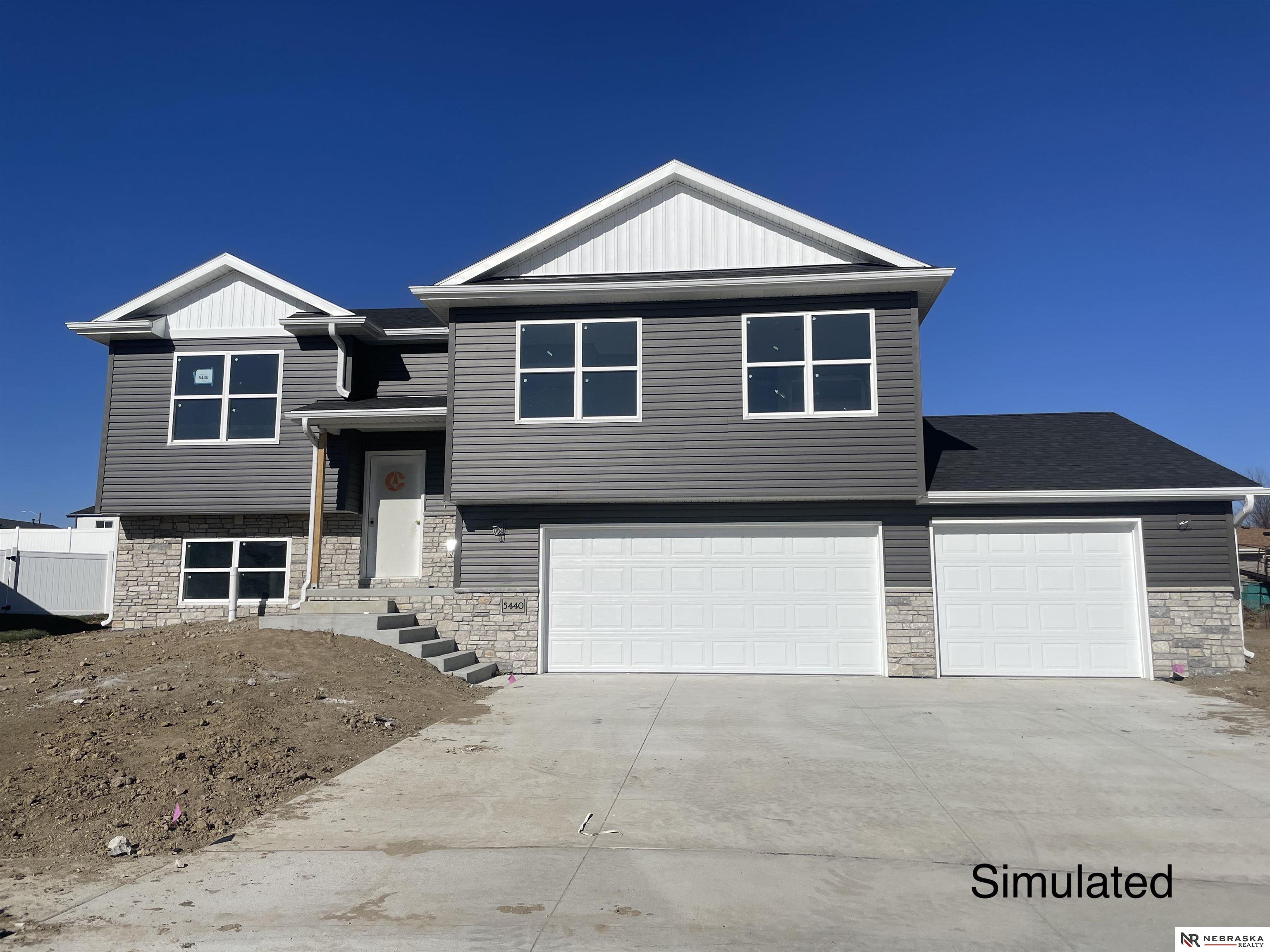 Discover this beautiful 4-bedroom, 3-bath split/foyer home offering just over 2000 sq ft of stylish living space. The open-concept main level features main floor laundry, vaulted ceilings, creating a spacious and inviting atmosphere. The modern kitchen boasts vinyl plank floors, quartz countertops, a breakfast bar, pantry, and stainless steel appliances perfect for entertaining. The primary suite includes a walk-in closet and a luxurious bath with a tub/shower and double vanity. The finished basement offers a 4th bedroom, recreation room and additional bathroom. Outdoor living is enhanced with a spacious deck, stone & vinyl exterior, underground sprinklers, and sod. Plus, a versatile 3-stall garage! Conveniently located near the new high school and shopping areas. Property completion expected by 12/31/25.
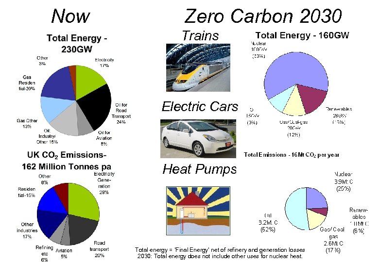 Now Zero Carbon 2030 Trains Electric Cars Heat Pumps Total energy = ‘Final Energy’ net of refinery and generation losses 2030: Total energy does not include other uses for nuclear heat.
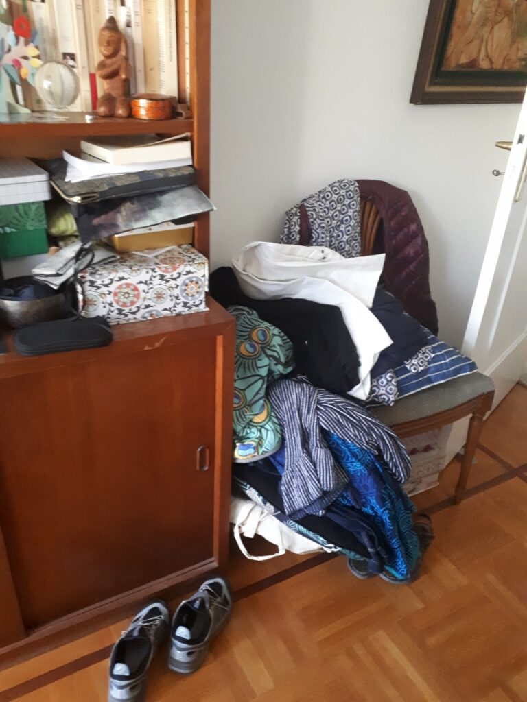Je me réveille, j’ai mal dormi, mon regard se tourne vers un empilement, un tas, un bric-à-brac de tissus dépareillés. Je décide de le photographier sans conviction, perspective d’une photo banale, sans intérêt, à mettre ordinairement au rebut photographique, pourtant je cadre vite et j’appuie sur le bouton. Rien d’arrangé, agencement dicté par le hasard de gestes ayant accompli une simple dépose de vêtements sur une chaise les jours précédents au retour de vacances. La photo révèle le coin de la bibliothèque et de la chaise où s’amoncellent des vêtements d’été et un plaid ; tissus de couleurs, de textures, de compositions différentes, coton, soie, lin. Deux robes s’écoulent vers le sol, amorties par la deuxième paire de chaussures, des nu-pieds bleu marine à peine visibles. La première paire de chaussures, des sneakers bleu et bleu-marine sont tournés vers la porte entrouverte prêts à partir. Noir et blanc unis, tissus bleus-marine et turquoise à fleurs, rayures bleues et blanches, alvéoles carrées bleues point central bleu, fond blanc, coussin rayé bleu et blanc, sur le dossier de la chaise ancienne une doudoune light brillante, rouge foncé. Parquet et bibliothèque, assise de la chaise en velours vert amande, au-dessous du siège une boîte en carton. Plis pantalon blanc en ailes d’oiseau. La bibliothèque et le côté de la chaise maintiennent un plaid très coloré, dessins de Frida Kahlo. Deux yeux fixes qui tout à coup semblent s’emparer du désordre et lui donner une vie singulière. Au sol un sac en tissu blanc cassé muni d’une anse dirigée vers le bas. Sur les étagères de la bibliothèque un petit bouddha, une boîte indienne, une boule de verre, des livres, des pochettes, un bol tibétain, porte ouverte. Une araignée qui surgit puis disparaît, la photo n’a pu la capter, un monde invisible silencieux s’exprime. Bientôt tout se retrouvera par terre, étalé, froissé et buvant la poussière. Sur le côté, l’angle gauche du tableau d’un ami disparu.
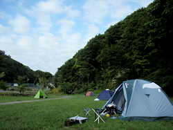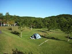 夜が明けたキャンプ場はこんな感じ。 けっこう広くて、受付からここまでの間にオートサイトとバンガローがあり、フリーサイトはここと、この奥にも。トイレや水場も新品のようにきれいだった。混んでるのはいやだけど、誰もいないのも微妙だったな。 しかし日射しがえらく強くて、撤収するだけで猛烈に汗かいた。もう少し木陰があればねぇ。 |
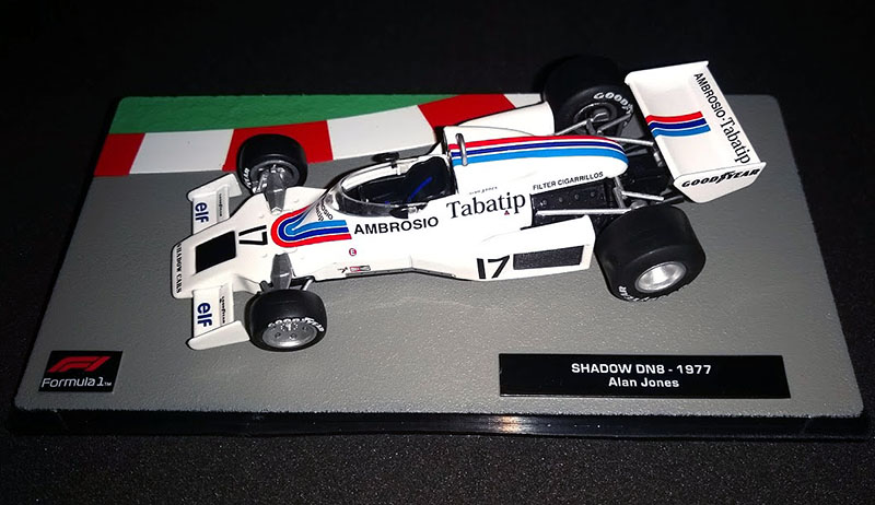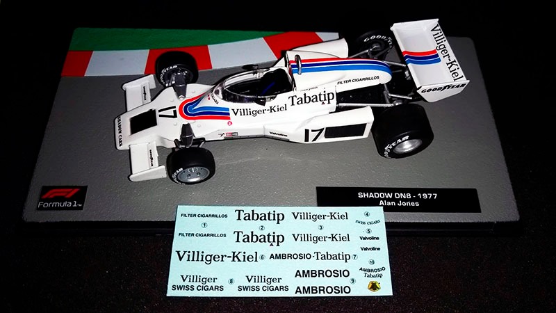 SHADOW DN8, F1 (1977, FASC # 106 Panini MEX). Calcas deslizables al agua (impresión digital sobre fondo transparente) MYA (MEX) D0243
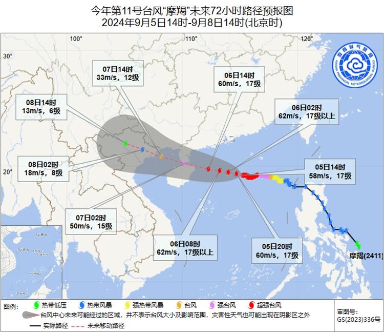 最新!超強(qiáng)臺(tái)風(fēng)“摩羯”將于9月6日下午到夜間在海南瓊海到廣東電白登陸
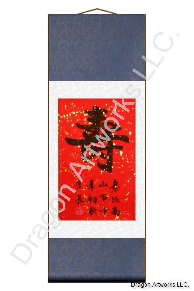 The Longevity scroll measures 11x29, the top and bottom of the scroll is dark blue silk brocade and the calligraphy painting is surrounded by white silk brocade. This Chinese wall scroll comes ready to hang on your wall. The small words on the Longevity scroll are an idiom meaning Old As a Mountain; that it was painted in the early autumn and the name of the artist.

◆ Exercise:
Pictures in the records should not appear in your copy, but everything else must be transcribed exactly.

◆ Task answer:
 Discover this beautiful 4-bedroom, 3-bath split/foyer home offering just over 2000 sq ft of stylish living space. The open-concept main level features main floor laundry, vaulted ceilings, creating a spacious and inviting atmosphere. The modern kitchen boasts vinyl plank floors, quartz countertops, a breakfast bar, pantry, and stainless steel appliances perfect for entertaining. The primary suite includes a walk-in closet and a luxurious bath with a tub/shower and double vanity. The finished basement offers a 4th bedroom, recreation room and additional bathroom. Outdoor living is enhanced with a spacious deck, stone & vinyl exterior, underground sprinklers, and sod. Plus, a versatile 3-stall garage! Conveniently located near the new high school and shopping areas. Property completion expected by 12/31/25.
 Now Zero Carbon 2030 Trains Electric Cars Heat Pumps Total energy = ‘Final Energy’ net of refinery and generation losses 2030: Total energy does not include other uses for nuclear heat.
Je me réveille, j’ai mal dormi, mon regard se tourne vers un empilement, un tas, un bric-à-brac de tissus dépareillés. Je décide de le photographier sans conviction, perspective d’une photo banale, sans intérêt, à mettre ordinairement au rebut photographique, pourtant je cadre vite et j’appuie sur le bouton. Rien d’arrangé, agencement dicté par le hasard de gestes ayant accompli une simple dépose de vêtements sur une chaise les jours précédents au retour de vacances. La photo révèle le coin de la bibliothèque et de la chaise où s’amoncellent des vêtements d’été et un plaid ; tissus de couleurs, de textures, de compositions différentes, coton, soie, lin. Deux robes s’écoulent vers le sol, amorties par la deuxième paire de chaussures, des nu-pieds bleu marine à peine visibles. La première paire de chaussures, des sneakers bleu et bleu-marine sont tournés vers la porte entrouverte prêts à partir. Noir et blanc unis, tissus bleus-marine et turquoise à fleurs, rayures bleues et blanches, alvéoles carrées bleues point central bleu, fond blanc, coussin rayé bleu et blanc, sur le dossier de la chaise ancienne une doudoune light brillante, rouge foncé. Parquet et bibliothèque, assise de la chaise en velours vert amande, au-dessous du siège une boîte en carton. Plis pantalon blanc en ailes d’oiseau. La bibliothèque et le côté de la chaise maintiennent un plaid très coloré, dessins de Frida Kahlo. Deux yeux fixes qui tout à coup semblent s’emparer du désordre et lui donner une vie singulière. Au sol un sac en tissu blanc cassé muni d’une anse dirigée vers le bas. Sur les étagères de la bibliothèque un petit bouddha, une boîte indienne, une boule de verre, des livres, des pochettes, un bol tibétain, porte ouverte. Une araignée qui surgit puis disparaît, la photo n’a pu la capter, un monde invisible silencieux s’exprime. Bientôt tout se retrouvera par terre, étalé, froissé et buvant la poussière. Sur le côté, l’angle gauche du tableau d’un ami disparu.
 夜が明けたキャンプ場はこんな感じ。 けっこう広くて、受付からここまでの間にオートサイトとバンガローがあり、フリーサイトはここと、この奥にも。トイレや水場も新品のようにきれいだった。混んでるのはいやだけど、誰もいないのも微妙だったな。 しかし日射しがえらく強くて、撤収するだけで猛烈に汗かいた。もう少し木陰があればねぇ。 |
 SHADOW DN8, F1 (1977, FASC # 106 Panini MEX). Calcas deslizables al agua (impresión digital sobre fondo transparente) MYA (MEX) D0243
 最新!超強(qiáng)臺(tái)風(fēng)“摩羯”將于9月6日下午到夜間在海南瓊海到廣東電白登陸
 The Longevity scroll measures 11x29, the top and bottom of the scroll is dark blue silk brocade and the calligraphy painting is surrounded by white silk brocade. This Chinese wall scroll comes ready to hang on your wall. The small words on the Longevity scroll are an idiom meaning Old As a Mountain; that it was painted in the early autumn and the name of the artist.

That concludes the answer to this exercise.